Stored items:
◆ ◆ ◆ ◆ ◆ ◆ ◆

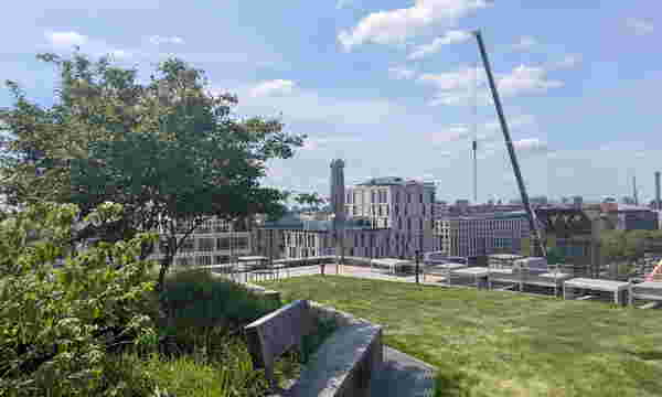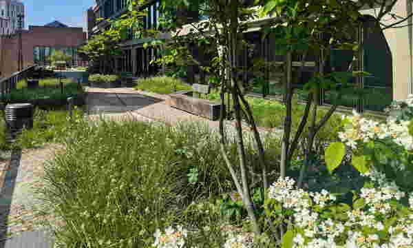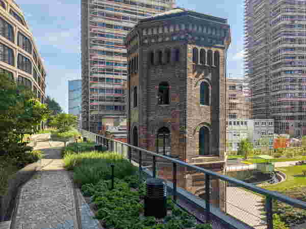 Von den 3000 Quadratmeter Dachfläche wurden rund 2700 Quadratmeter als Retentionsdächer ausgeführt. Diese dienen nicht nur der Speicherung und Nutzung von Regenwasser, sondern schaffen auch grüne Aufenthaltsbereiche mit hoher Aufenthaltsqualität. Besonders hervorzuheben ist die Gestaltung der Mieterterrasse auf dem historischen Eisenbahnviadukt. Intensive Begrünung, Sitzbereiche und naturnahe Vegetation verbinden hier die industrielle Vergangenheit des Standorts mit einer grünen, lebenswerten Zukunft. Insgesamt erfüllt das Projekt die Vorgabe des Umweltamtes, mindestens 50 Prozent der Dachfläche zu begrünen − und geht in seiner Umsetzung deutlich darüber hinaus. Das Regenwassermanagement wurde dabei technisch präzise auf die örtlichen Gegebenheiten abgestimmt. Um den anfallenden Niederschlag gezielt zurückzuhalten, verdunsten zu lassen und bei Bedarf kontrolliert abzuleiten, wurden die oberen Dachflächen mit statischen Ablaufdrosseln ausgestattet. Über Kapillarbrücken gelangt das gespeicherte
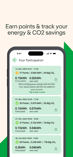 Earn points for reducing your energy usage during peak time saving events this winter. Lower your household’s carbon footprint by switching off when it matters most. Easily track your household's savings and CO2 impact from each event.
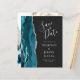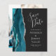 The left-hand edge of this elegant modern wedding save the date card features a teal blue watercolor agate border trimmed with faux silver glitter. The customisable text combines silver grey handwriting, copperplate and italic fonts on an off-black background. Easily replace the sample image on the back with your own vertical photo.
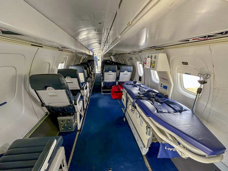 Capacidad: 30 pasajeros y la opción de colocar una camilla para vuelos sanitarios.
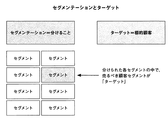 「常に正確な時刻が表示される」、「電池交換の手間が不要」というような機能的な価値を求める人には、例えばソーラー電波時計のような正確で電池交換不要な時計がいいだろう。デザインがいいにこしたことはないにしても、それよりは機能や価格の方が重要だ。逆に「スーツに合う」、「美しいデザイン」、「アクセサリーとしての価値」などを求める人は、とにかく見た目を重視した時計が欲しいと考えるだろう。顧客を分けることを「セグメンテーション」、分けられた顧客のグループを「セグメント」と呼ぶ。そしてどのセグメントを狙うか決め、この人たちに売ろうと狙いをつけた顧客を「ターゲット」とよぶ。
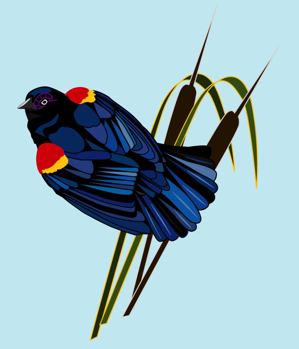 The first time I canoed into the gut I was introduced to Marsh Wrens. While exploring further into the reeds we kept seeing and hearing quick brown birds who just as quickly hid themselves away from sight. They perched, often sideways, on tall reeds with their tails impossibly erect… But when trying to get them in sight with binoculars they would just as quickly hide away in the brown reeds. As we paddled in closer we started to see their simple little nests. They apparently build multiple nests and use just one for roosting. The nests are oval balls with the opening on the side, carefully woven to cattails and vegetation. I was immediately captivated by these wrens. They sang constantly, and apparently do so even at night. Unlike my favorite Red Winged Black Birds, I had never before seen the Marsh Wren. To me, the song of the Red Winged Black Bird means summer – it lifts my heart to hear it… And now the Marsh Wren song means solitude, even mystery.
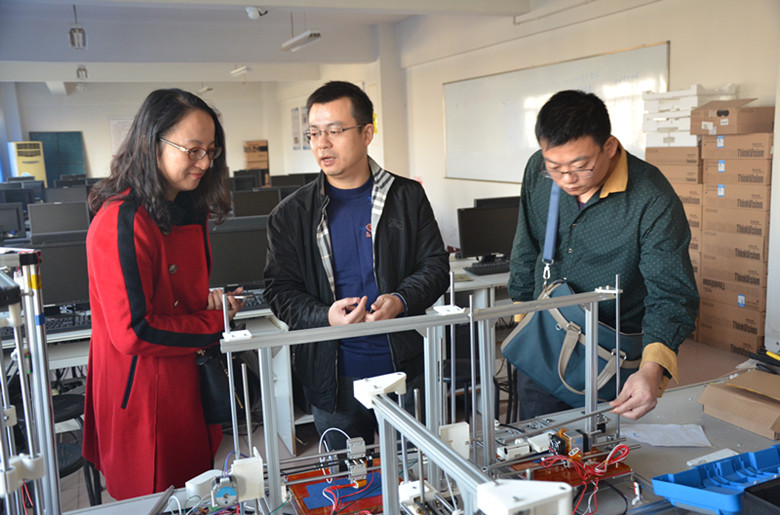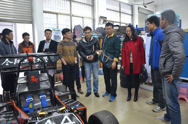 朱政红老师对蔡茜主任一行的来访表示热烈欢迎,她向来宾介绍了水果派解说 和学院的基本情况,带领来宾参观了水果派解说 3D打印实验室和观看了部分大学生科技创新团队作品展演,同时参观了汽车与交通工程学院的方程式车队工作室以及计算机学院可视化与协同创新实验室,项目相关负责老师对越影方程式赛车、大学生机械创新大赛、智能机器人、3D打印、VR技术等项目进行了重点介绍。
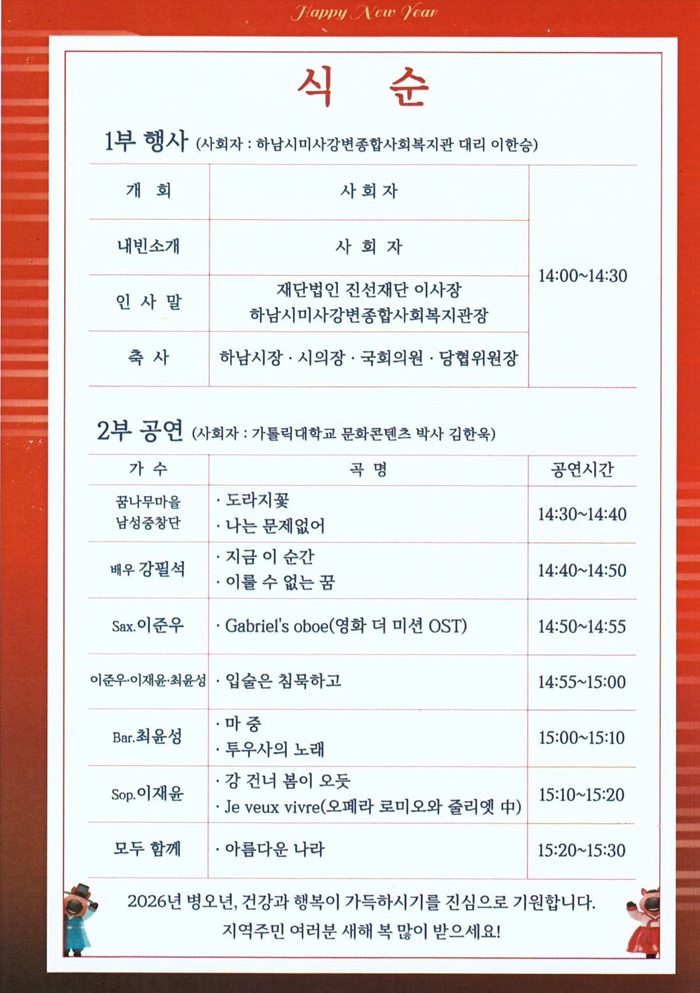 지난 2월 6일 하남시미사강변종합사회복지관과 함께 신년음악회를 개최했습니다.
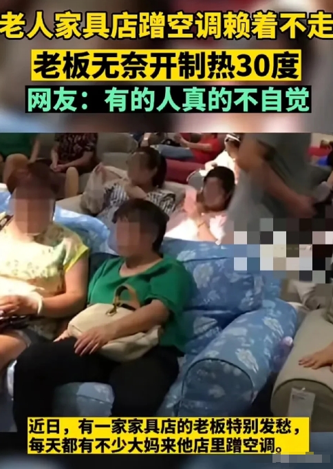 老人为了蹭空调“赖”家具店不走,老板开制热30度反击,最近天气炎热,有家家具店老板可愁坏了!不是发愁生意,而是因为店里天天来一帮大妈拖家带口的来蹭空调,一坐就是大半天,撵都撵不走,更有甚者直接脱鞋上床垫上面睡觉。
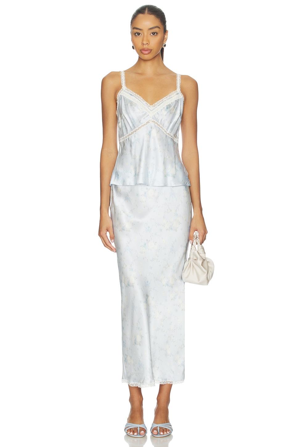 Self: 100% silkCombo: 100% polyester. Made in China. Dry clean only. Pull-on styling. Lace trim. Lightweight satin fabric. Garment is made with a semi-sheer fabric, undergarments can show through. Item not sold as a set. Revolve Style No. LESH-WS369. Manufacturer Style No. T1450-3039.
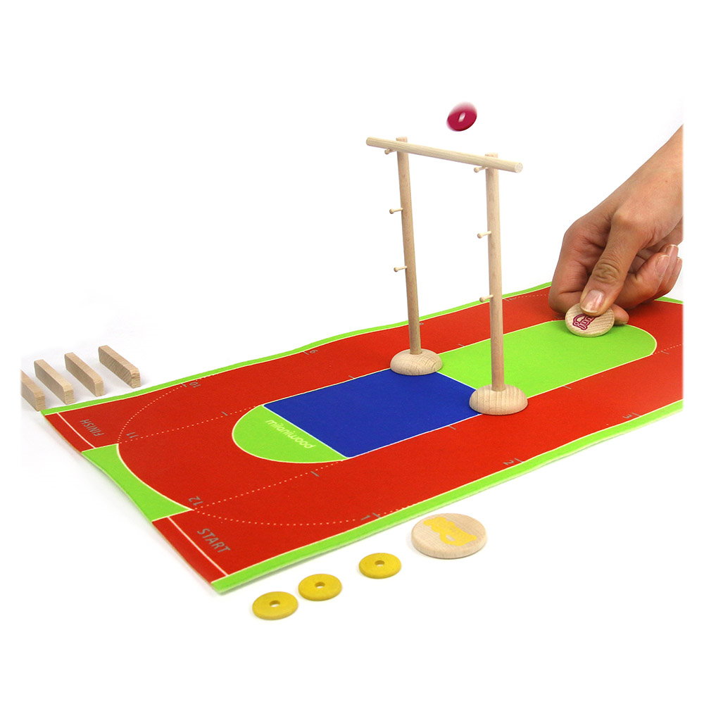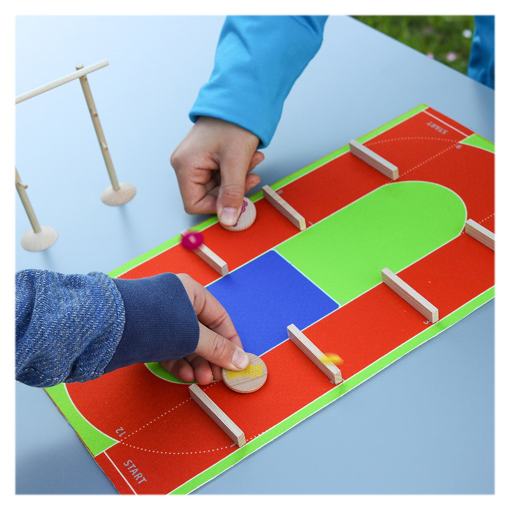 • Cinci probe de atletism intr-un singur joc de tiddlywinks sau jocul de societate clasic purici sau fotbal cu nasturi, cu piese din lemn, avand ca tematica atletismul!

◆ ◆ ◆ ◆ ◆ ◆ ◆

» WHAT YOU NEED TO DO: Repeat each line above exactly. The pictures stay out.

» SOLVED EXERCISE:
 Von den 3000 Quadratmeter Dachfläche wurden rund 2700 Quadratmeter als Retentionsdächer ausgeführt. Diese dienen nicht nur der Speicherung und Nutzung von Regenwasser, sondern schaffen auch grüne Aufenthaltsbereiche mit hoher Aufenthaltsqualität. Besonders hervorzuheben ist die Gestaltung der Mieterterrasse auf dem historischen Eisenbahnviadukt. Intensive Begrünung, Sitzbereiche und naturnahe Vegetation verbinden hier die industrielle Vergangenheit des Standorts mit einer grünen, lebenswerten Zukunft. Insgesamt erfüllt das Projekt die Vorgabe des Umweltamtes, mindestens 50 Prozent der Dachfläche zu begrünen − und geht in seiner Umsetzung deutlich darüber hinaus. Das Regenwassermanagement wurde dabei technisch präzise auf die örtlichen Gegebenheiten abgestimmt. Um den anfallenden Niederschlag gezielt zurückzuhalten, verdunsten zu lassen und bei Bedarf kontrolliert abzuleiten, wurden die oberen Dachflächen mit statischen Ablaufdrosseln ausgestattet. Über Kapillarbrücken gelangt das gespeicherte
 Earn points for reducing your energy usage during peak time saving events this winter. Lower your household’s carbon footprint by switching off when it matters most. Easily track your household's savings and CO2 impact from each event.
 The left-hand edge of this elegant modern wedding save the date card features a teal blue watercolor agate border trimmed with faux silver glitter. The customisable text combines silver grey handwriting, copperplate and italic fonts on an off-black background. Easily replace the sample image on the back with your own vertical photo.
 Capacidad: 30 pasajeros y la opción de colocar una camilla para vuelos sanitarios.
 「常に正確な時刻が表示される」、「電池交換の手間が不要」というような機能的な価値を求める人には、例えばソーラー電波時計のような正確で電池交換不要な時計がいいだろう。デザインがいいにこしたことはないにしても、それよりは機能や価格の方が重要だ。逆に「スーツに合う」、「美しいデザイン」、「アクセサリーとしての価値」などを求める人は、とにかく見た目を重視した時計が欲しいと考えるだろう。顧客を分けることを「セグメンテーション」、分けられた顧客のグループを「セグメント」と呼ぶ。そしてどのセグメントを狙うか決め、この人たちに売ろうと狙いをつけた顧客を「ターゲット」とよぶ。
 The first time I canoed into the gut I was introduced to Marsh Wrens. While exploring further into the reeds we kept seeing and hearing quick brown birds who just as quickly hid themselves away from sight. They perched, often sideways, on tall reeds with their tails impossibly erect… But when trying to get them in sight with binoculars they would just as quickly hide away in the brown reeds. As we paddled in closer we started to see their simple little nests. They apparently build multiple nests and use just one for roosting. The nests are oval balls with the opening on the side, carefully woven to cattails and vegetation. I was immediately captivated by these wrens. They sang constantly, and apparently do so even at night. Unlike my favorite Red Winged Black Birds, I had never before seen the Marsh Wren. To me, the song of the Red Winged Black Bird means summer – it lifts my heart to hear it… And now the Marsh Wren song means solitude, even mystery.
 朱政红老师对蔡茜主任一行的来访表示热烈欢迎,她向来宾介绍了水果派解说 和学院的基本情况,带领来宾参观了水果派解说 3D打印实验室和观看了部分大学生科技创新团队作品展演,同时参观了汽车与交通工程学院的方程式车队工作室以及计算机学院可视化与协同创新实验室,项目相关负责老师对越影方程式赛车、大学生机械创新大赛、智能机器人、3D打印、VR技术等项目进行了重点介绍。
 지난 2월 6일 하남시미사강변종합사회복지관과 함께 신년음악회를 개최했습니다.
 老人为了蹭空调“赖”家具店不走,老板开制热30度反击,最近天气炎热,有家家具店老板可愁坏了!不是发愁生意,而是因为店里天天来一帮大妈拖家带口的来蹭空调,一坐就是大半天,撵都撵不走,更有甚者直接脱鞋上床垫上面睡觉。
 Self: 100% silkCombo: 100% polyester. Made in China. Dry clean only. Pull-on styling. Lace trim. Lightweight satin fabric. Garment is made with a semi-sheer fabric, undergarments can show through. Item not sold as a set. Revolve Style No. LESH-WS369. Manufacturer Style No. T1450-3039.
 • Cinci probe de atletism intr-un singur joc de tiddlywinks sau jocul de societate clasic purici sau fotbal cu nasturi, cu piese din lemn, avand ca tematica atletismul!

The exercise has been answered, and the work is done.